___ Task data

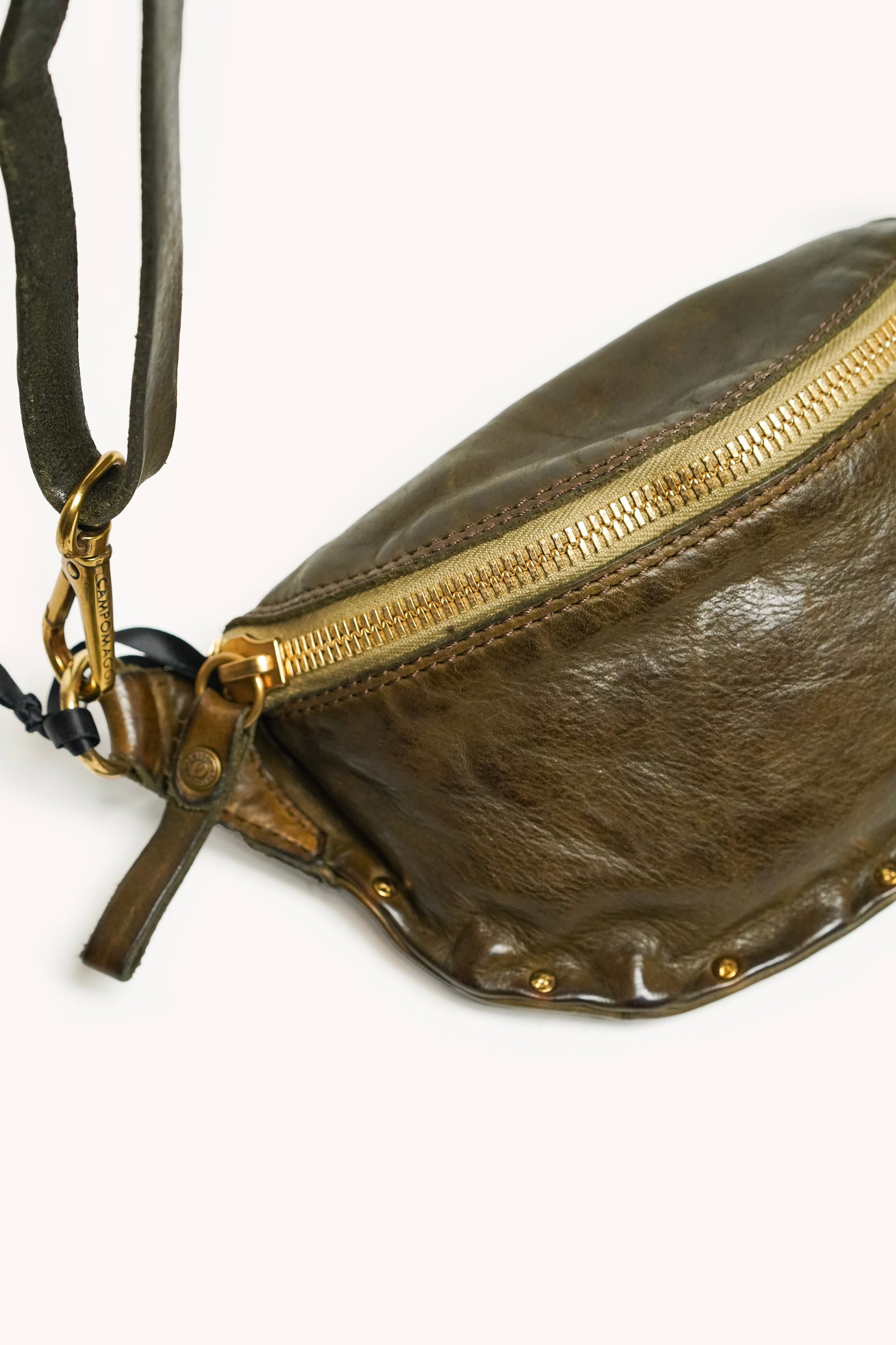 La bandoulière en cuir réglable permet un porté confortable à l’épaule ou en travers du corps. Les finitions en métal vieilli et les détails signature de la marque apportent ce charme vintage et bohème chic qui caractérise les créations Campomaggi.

______
___ Task data

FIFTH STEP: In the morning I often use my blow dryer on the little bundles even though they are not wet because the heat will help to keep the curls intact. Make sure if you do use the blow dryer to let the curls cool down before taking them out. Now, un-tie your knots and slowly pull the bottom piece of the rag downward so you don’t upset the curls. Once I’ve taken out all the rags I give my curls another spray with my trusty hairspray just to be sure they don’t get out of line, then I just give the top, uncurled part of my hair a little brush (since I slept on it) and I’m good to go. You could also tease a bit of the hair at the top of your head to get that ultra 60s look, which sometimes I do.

______
___ Task data

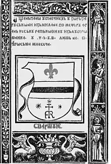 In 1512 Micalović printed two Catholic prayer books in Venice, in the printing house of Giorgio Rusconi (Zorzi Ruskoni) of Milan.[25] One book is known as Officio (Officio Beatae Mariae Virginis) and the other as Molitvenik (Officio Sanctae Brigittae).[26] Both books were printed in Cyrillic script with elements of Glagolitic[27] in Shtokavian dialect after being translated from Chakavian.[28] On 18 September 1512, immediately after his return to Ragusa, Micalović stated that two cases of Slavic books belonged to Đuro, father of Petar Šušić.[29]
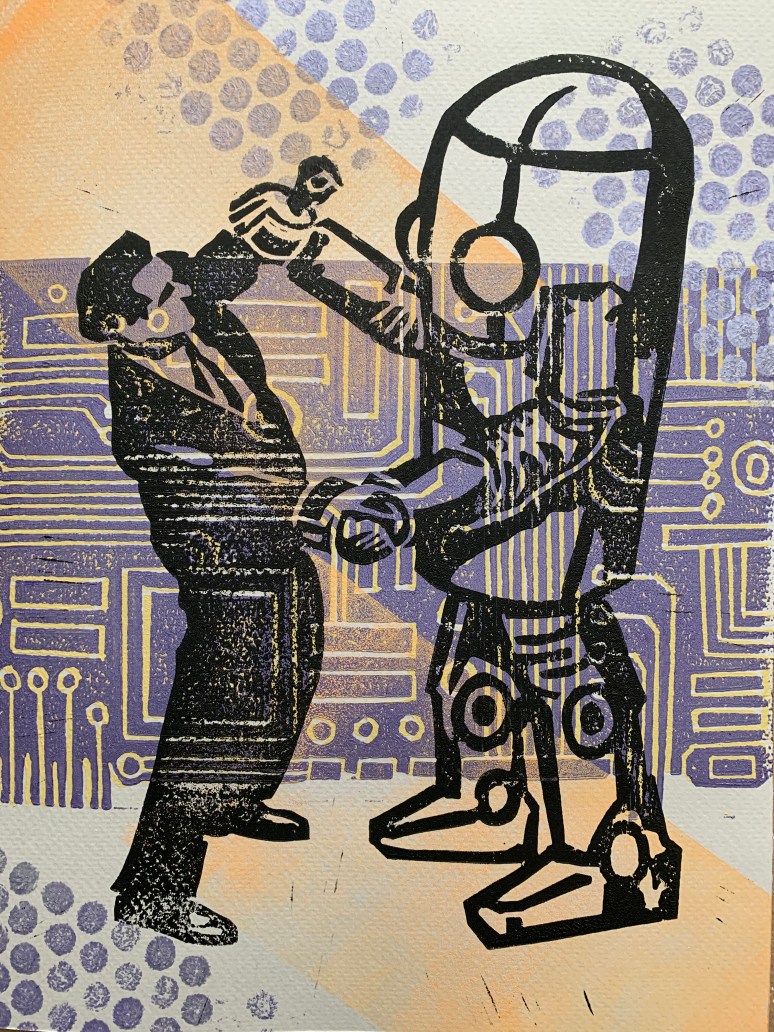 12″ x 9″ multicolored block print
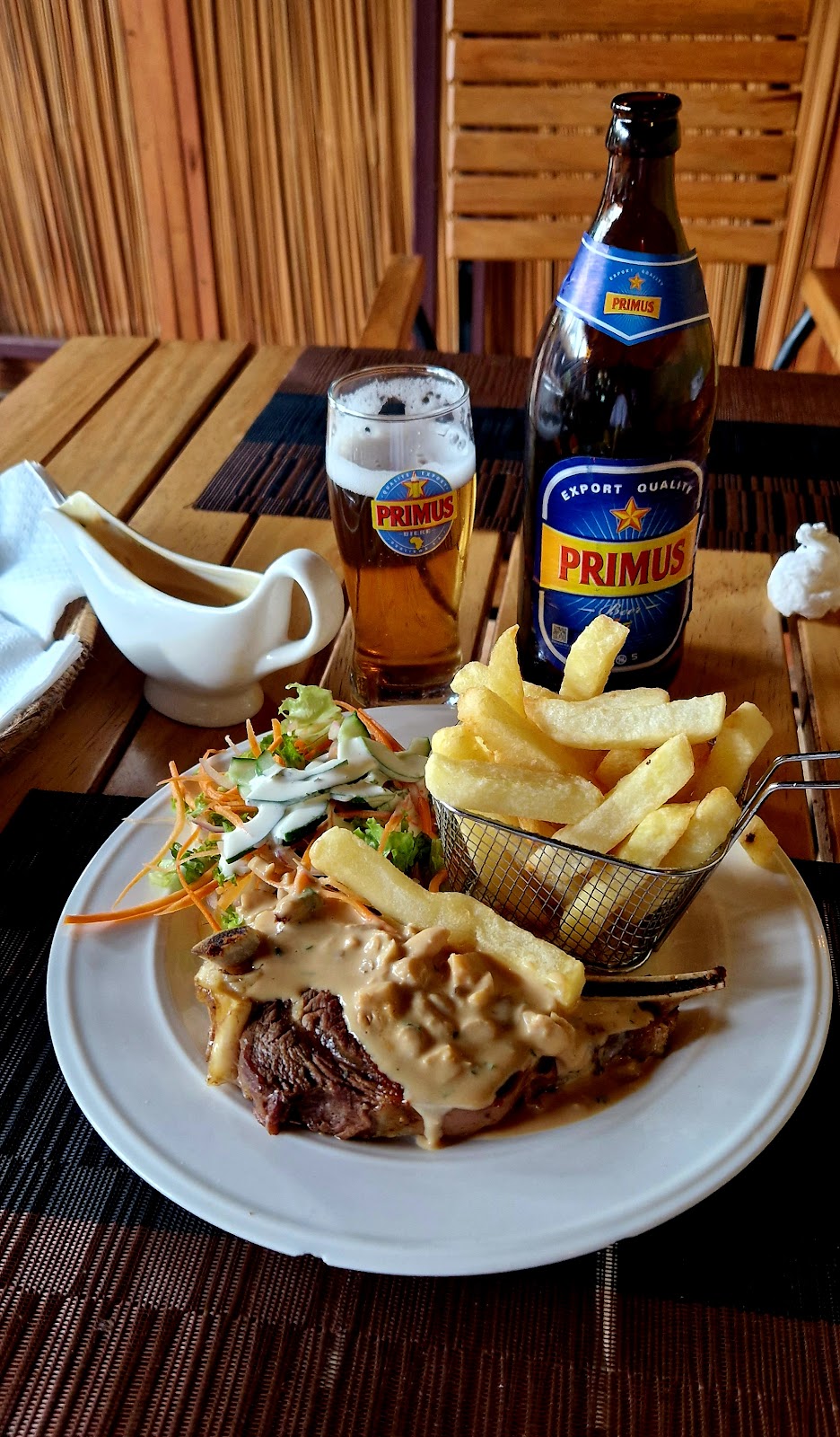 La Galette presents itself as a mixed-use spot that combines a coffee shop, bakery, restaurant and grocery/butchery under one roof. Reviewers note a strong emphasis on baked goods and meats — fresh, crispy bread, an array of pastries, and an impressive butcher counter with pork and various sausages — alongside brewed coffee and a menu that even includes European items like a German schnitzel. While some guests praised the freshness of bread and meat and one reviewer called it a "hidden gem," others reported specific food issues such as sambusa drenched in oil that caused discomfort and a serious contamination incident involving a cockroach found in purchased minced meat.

______

* [How to complete this task] Write back the stretch of lines above that begins with the line holding "12″ x 9″ multicolored block print" and ends with the line holding "La Galette presents", both included, exactly as written. Pictures stay out.

* [Written answer]
 12″ x 9″ multicolored block print
 La Galette presents itself as a mixed-use spot that combines a coffee shop, bakery, restaurant and grocery/butchery under one roof. Reviewers note a strong emphasis on baked goods and meats — fresh, crispy bread, an array of pastries, and an impressive butcher counter with pork and various sausages — alongside brewed coffee and a menu that even includes European items like a German schnitzel. While some guests praised the freshness of bread and meat and one reviewer called it a "hidden gem," others reported specific food issues such as sambusa drenched in oil that caused discomfort and a serious contamination incident involving a cockroach found in purchased minced meat.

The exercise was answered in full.